Salvinal, a novel microtubule inhibitor isolated from Salvia miltiorrhizae Bunge (Danshen), with antimitotic activity in multidrug-sensitive and -resistant human tumor cells.

Aqueous extracts of Salvia miltiorrhizae Bunge have been extensively used in the treatment of cardiovascular disorders and cancer in Asia. Recently, a compound, 5-(3-hydroxypropyl)-7-methoxy-2-(3'-methoxy-4'-hydroxyphenyl)-3-benzo[b]furancarbaldehyde (salvinal), isolated from this plant showed inhibitory activity against tumor cell growth and induced apoptosis in human cancer cells. In the present study, we investigated the cytotoxic effect and mechanisms of action of salvinal in human cancer cell lines. Salvinal caused inhibition of cell growth (IC50 range, 4-17 microM) in a variety of human cancer cell lines. Flow cytometry analysis showed that salvinal treatment resulted in a concentration-dependent accumulation of cells in the G(2)/M phase.

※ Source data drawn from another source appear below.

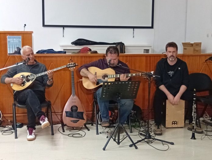 Η αίθουσα γέμισε με τραγούδια και συνθήματα, καθώς τρία μουσικά σχήματα ένωσαν τις φωνές τους με το κοινό, δημιουργώντας μια ζεστή και δυναμική ατμόσφαιρα. Η μουσική αποτέλεσε το όχημα για να τιμηθούν οι ιστορικοί αγώνες των εργατών, αλλά και για να εκφραστεί η έμπρακτη αλληλεγγύη στους διωκόμενους απεργούς εκπαιδευτικούς, οι οποίοι συνεχίζουν να δίνουν τη δική τους μάχη για ένα καλύτερο δημόσιο σχολείο.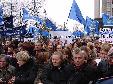 На прошлой неделе вкладчики национализированного банка "Родовид" перекрыли на полчаса дорогу на Подоле в Киеве, чтобы получить свои депозиты.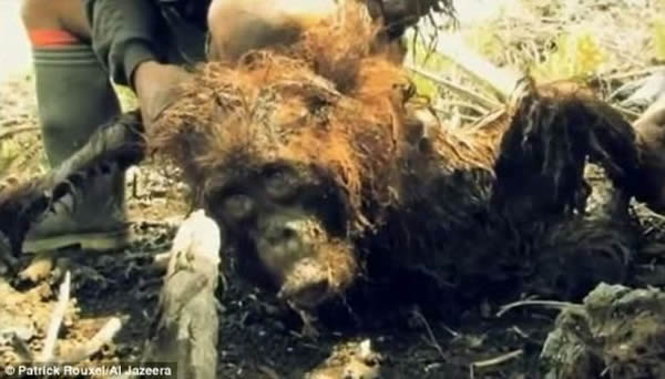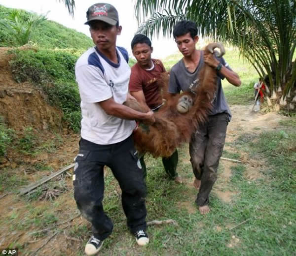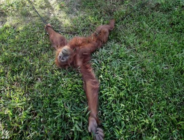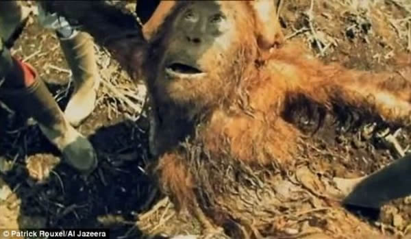 不幸的命运:在印度尼西亚苏门答腊岛,森林采伐摧毁了格林的雨林家园后,这只母猩猩从泥土中被拉了出来。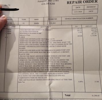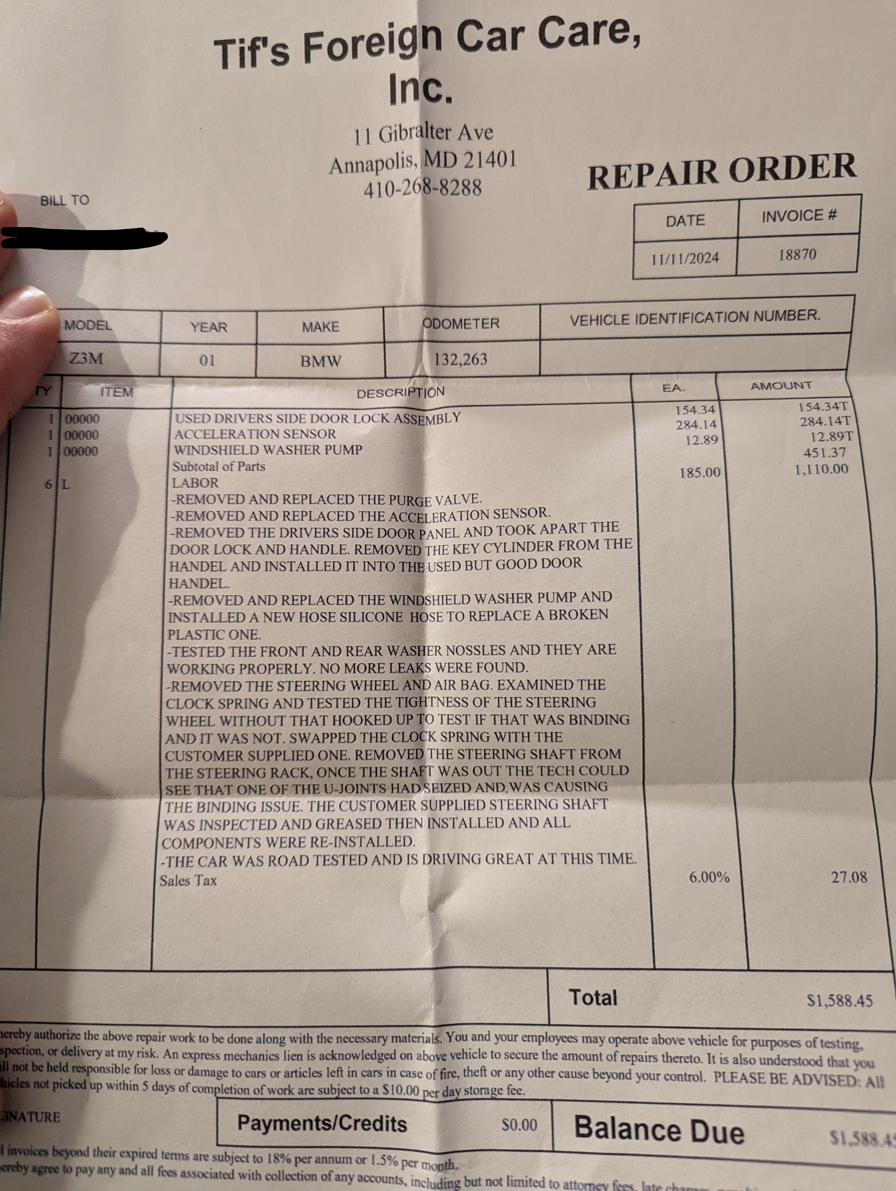 Final service for 2024. Replaced purge valve, clock spring, steering shaft, speed sensor, and driver's door handle to have working door locks.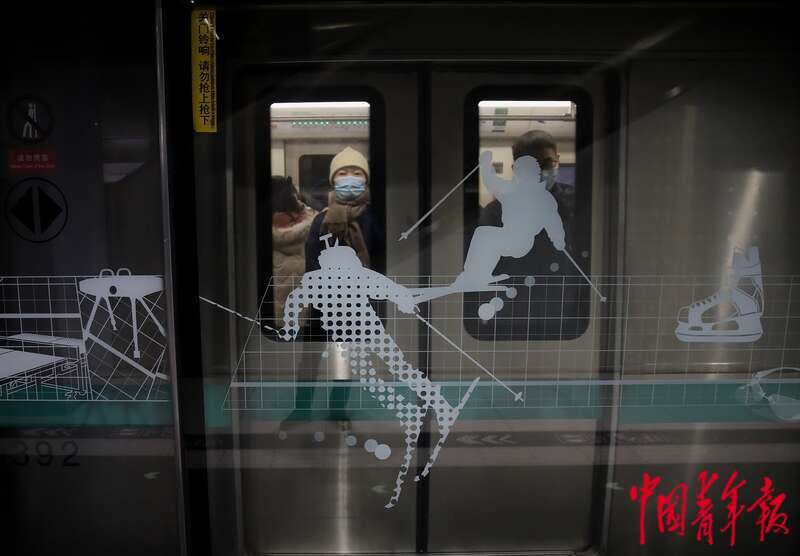 1月12日,号称“北京地下中轴线”的地铁8号线奥体中心站,地铁的屏蔽门上贴上了冰雪运动的图案。中青报·中青网记者 陈剑/摄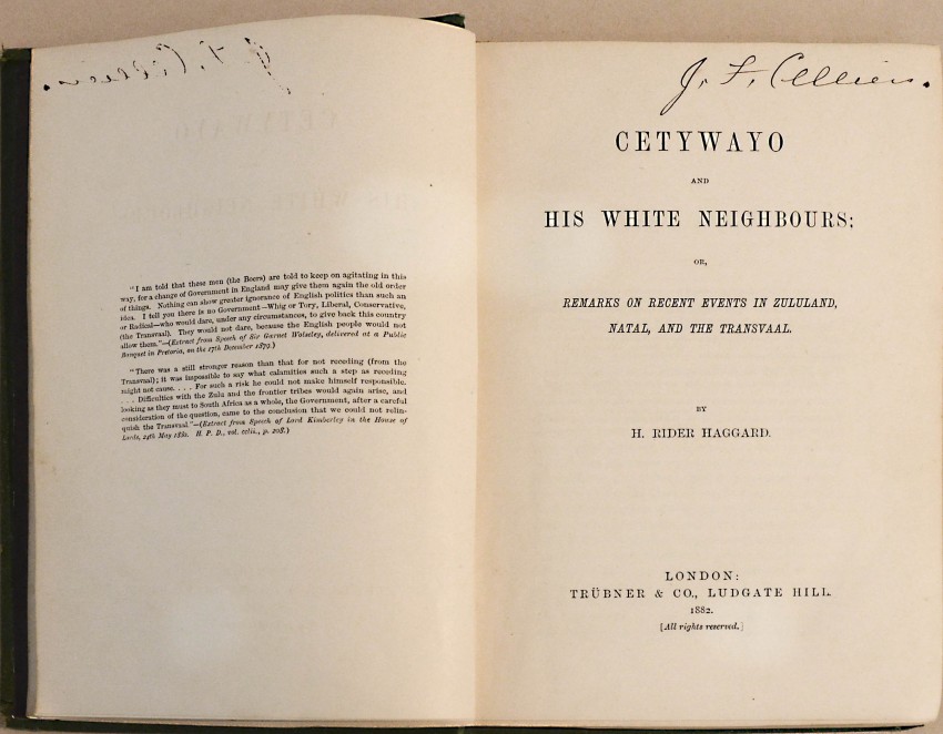 The scarce first edition of Rider Haggard’s first book and one of only 750 copies. This copy has an interesting provenance, being from the library of the Afrikaans poet, Jan F. Celliers, with his signature on the title page.

We observed, using Hoechst 33258 dye staining, that salvinal blocked the cell cycle in mitosis. In vitro and in vivo examinations showed that salvinal inhibited tubulin polymerization in a concentration-dependent manner. Immunocytochemical studies demonstrated that salvinal treatment caused the changes of cellular microtubule network, similar to the effect of colchicine. In addition, salvinal treatment resulted in upregulation of cyclin B1 levels, activation of Cdc2 kinase, and Cdc25c phosphorylation. Furthermore, elevation of levels of MPM-2 phosphoepitopes in salvinal-treated cells in a concentration-dependent manner was also observed. Similar to the effect of other antitubulin agent, hyperphosphorylation of Bcl-2, induction of DNA fragmentation and activation of caspase-3 activity occurred in salvinal-treated cells. In particular, salvinal exhibited similar inhibitory activity against parental KB, P-glycoprotein-overexpressing KB vin10 and KB taxol-50 cells, and multidrug resistance-associated protein (MRP)-expressing etoposide-resistant KB 7D cells. Taken together, our data demonstrate that salvinal inhibits tubulin polymerization, arrests cell cycle at mitosis, and induces apoptosis. Notably, Salvinal is a poor substrate for transport by P-glycoprotein and MRP. Salvinal may be useful in the treatment of human cancers, particularly in patients with drug resistance.